Tuesday, 17 July 2018

King The Musical - Review

Hackney Empire, London


****


Music and lyrics by Martin Smith
Directed by Susie McKenna



Cedric Neal and Debbie Kurup

30 years after its premiere, Martin Smith’s affecting musical biography of legendary civil rights movement leader Dr Martin Luther King Jr was revived for just two performances, in a co-production between the Hackney Empire and London Musical Theatre Orchestra directed by Susie McKenna and which marked 50 years since Dr King’s assassination.

Opening with a brief, shocking re-enactment of the assassination, the scene was accompanied by the hauntingly mournful vocals of the full cast, shrouded in shadows on stage. Slowly, Debbie Kurup’s Coretta, Dr King’s widow, stepped out of the darkness to sing a few painful lines in memory of her late husband, a moment that was totally engrossing, but extremely brief.  Quickly, the story flashes to the younger Kings as a courting couple, a change of pace that immediately humanised Dr King’s almost mythical figure, inviting the audience to step his life and his journey.

Cedric Neal was mightily impressive in the title role. Wearing a look of perpetual apprehension which slowly melted into defiance as his story progressed, he had the audience in the palm of his hand from his very first introduction all the way through to his sudden and tragic demise. Particularly powerful was his interpretation of the iconic I Have A dream speech, which closed Act 1. 

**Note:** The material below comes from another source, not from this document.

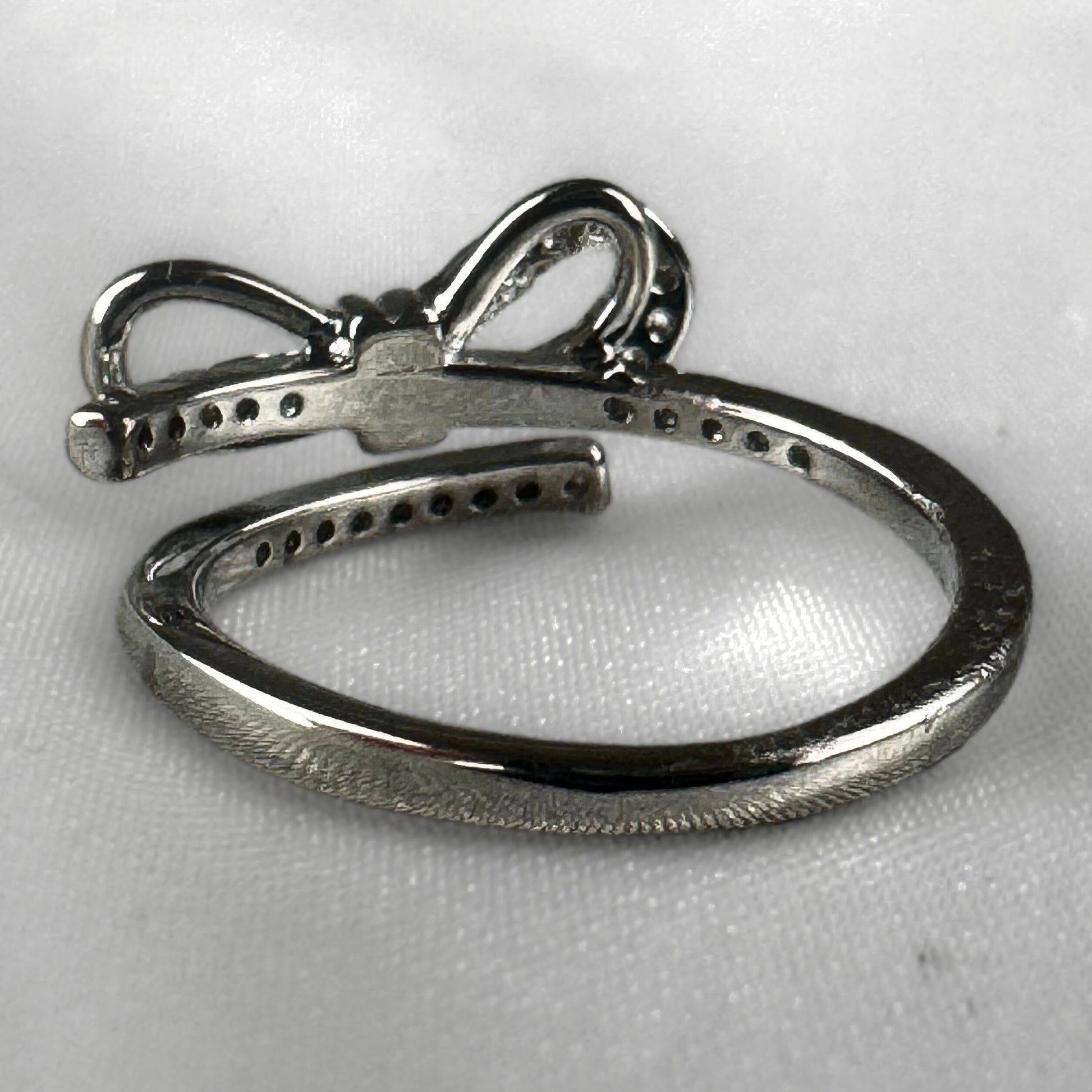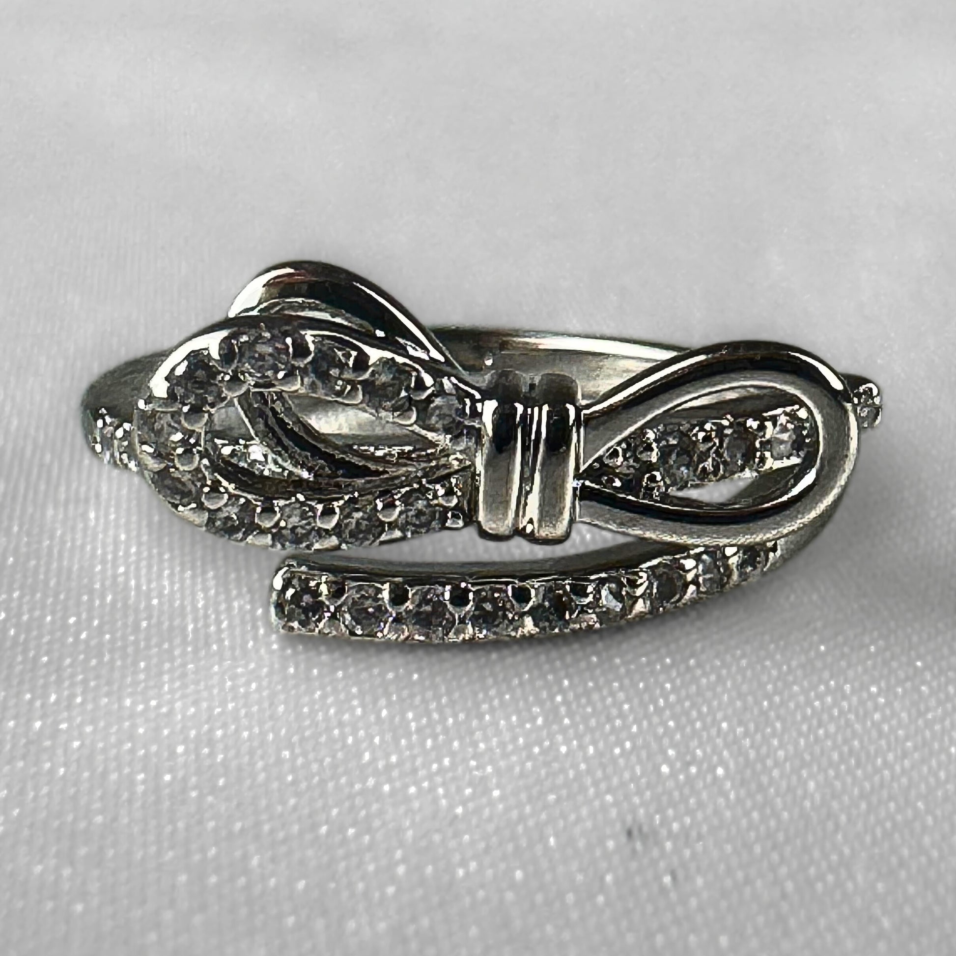 This silver-plated adjustable ring features a delicate, elegant bow design. The adjustable band means it can easily fit any ring size.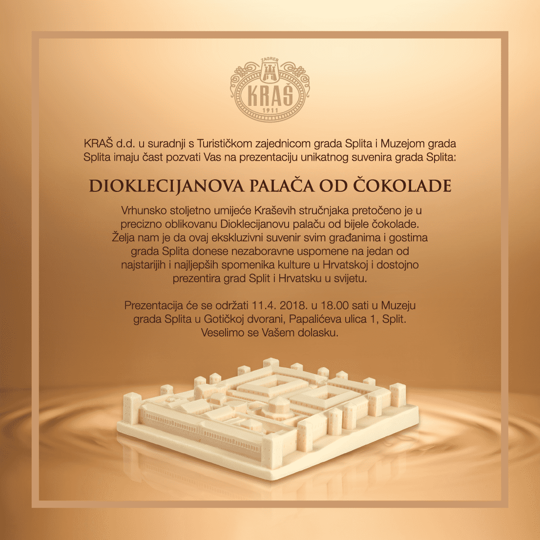 - Vrhunsko stoljetno umijeće Kraševih stručnjaka pretočeno je u precizno oblikovanu Dioklecijanovu palaču od bijele čokolade. Želja nam je da ovaj ekskluzivni suvenir svim građanima i gostima Splita donese nezaboravne uspomene na jedan od najstarijih i najljepših spomenika kulture u Hrvatskoj i dostojno prezentira grad Split i Hrvatsku u svijetu - najavili su iz Kraša.

Accompanied by the orchestra’s slow build to a powerful crescendo alongside the full cast with additional vocal support from Hackney Empire Community Choir and the Gospel Essence Choir. Neal wisely chose not to impersonate King’s intonations, bringing his own heart and charisma to the scene. The staging of the speech was a testament to the intelligent direction of Susie McKenna, and the impassioned performances of the entire cast and orchestra. 

Under Freddie Tapner’s baton the 22-piece London Musical Theatre Orchestra were perfection throughout. The particularly impressive brass section emphasised the triumphant power of Simon Nathan’s new orchestrations, whilst the strings brought a sense of dreamlike nostalgia to the story that only foreshadowed the painful finale. 

But for all of King’s heart wrenching musical moments, the story occasionally lacked depth, opting to cover the most significant and well-known moments in broad strokes, rather than drill down into the psyche of its characters and their relationships. As such, Debbie Kurup as Doctor King’s dignified and supportive wife Coretta, and Sharon D Clarke as his loving mother Alberta, were sadly side-lined as the story progressed. 

As a reminder of Martin Luther King's immutable legacy Smith’s compelling musical, forgotten for 30 years, deserves a full staging soon, especially off the back of such a striking production.